Richard, there was quite major progress in the "condition" of the Palestinians, until Arafat turned down, without even attempting to make a counter offer, the Clinton imposed Barak offer. Arafat simply wanted "two Palestinian states", the one he was negotiating for and the one currently recognized as the State of Israel. Since that turn of events, when Arafat failed to seize on the historical opportunity to create a Palestinian state, there has been drastic deterioration in the Palestinian territories. I believe that the standard of living in the territories has declined by more than 50% since then. Some 350,000 foreign workers displaced the Palestinians that worked within Israel, depriving the Palestinians from a major source of economic activity.
Look at all the new restrictions we are put under here in the US as a direct result of 9/11, you simply must multiply that by 100 when considering the Palestinians. They have trained hundreds if not thousands of suicide bombers, the Israeli government is doing what is absolutely necessary to protect its population. For each successful terror act or suicide bombing, 20 such events are prevented by the tight control the Israeli have imposed, and as a government that is sworn to do what it can to protect its citizens, they really have no other choice.
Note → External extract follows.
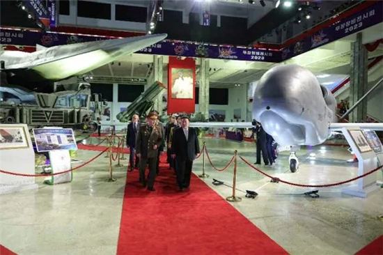金正恩带绍伊古参观朝鲜最新核武器 图片来源:劳动新闻(2023年7月27日)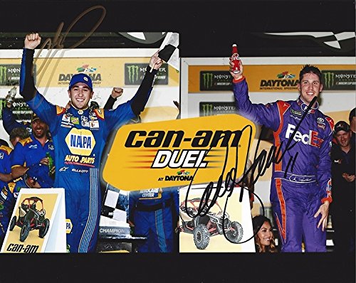 2X AUTOGRAPHED Chase Elliott & Denny Hamlin 2017 CAN-AM DUEL AT DAYTONA (Race Winners) Dual Signed Picture NASCAR 8X10 Inch Glossy Photo with COA

Arafat's tactic of reneging on his Oslo agreement not to use force as an instrument of its negotiation for a fair settlement, has backfired. He expected that the renewed violence and the pain inflicted by it on the Israeli population will yield concessions, but you and I know that yielding to terrorism only leads the way to additional demands, and thus Israel had no other alternative but to make that Intifada more painful to the Palestinians than the pain inflicted by the Intifada on the Israeli. Arafat wrecked the Israeli peace movement, and thus will end up with much less than what he was offered by Barak. Settlements that just a short 18 months ago, were "dismantable" (just as Israel dismantled settlements within the Sinai under a peace agreement with Egypt) will become more and more entrenched, the longer the Intifada continues, and as a result, the eventual Palestinian state, if it ever sees the light of day, will be smaller and more fragmented.
Arafat was "working" under the principle that "time is on his side" (he was talking about the "demographic bombs"), now it seems that this assumption was quite faulty.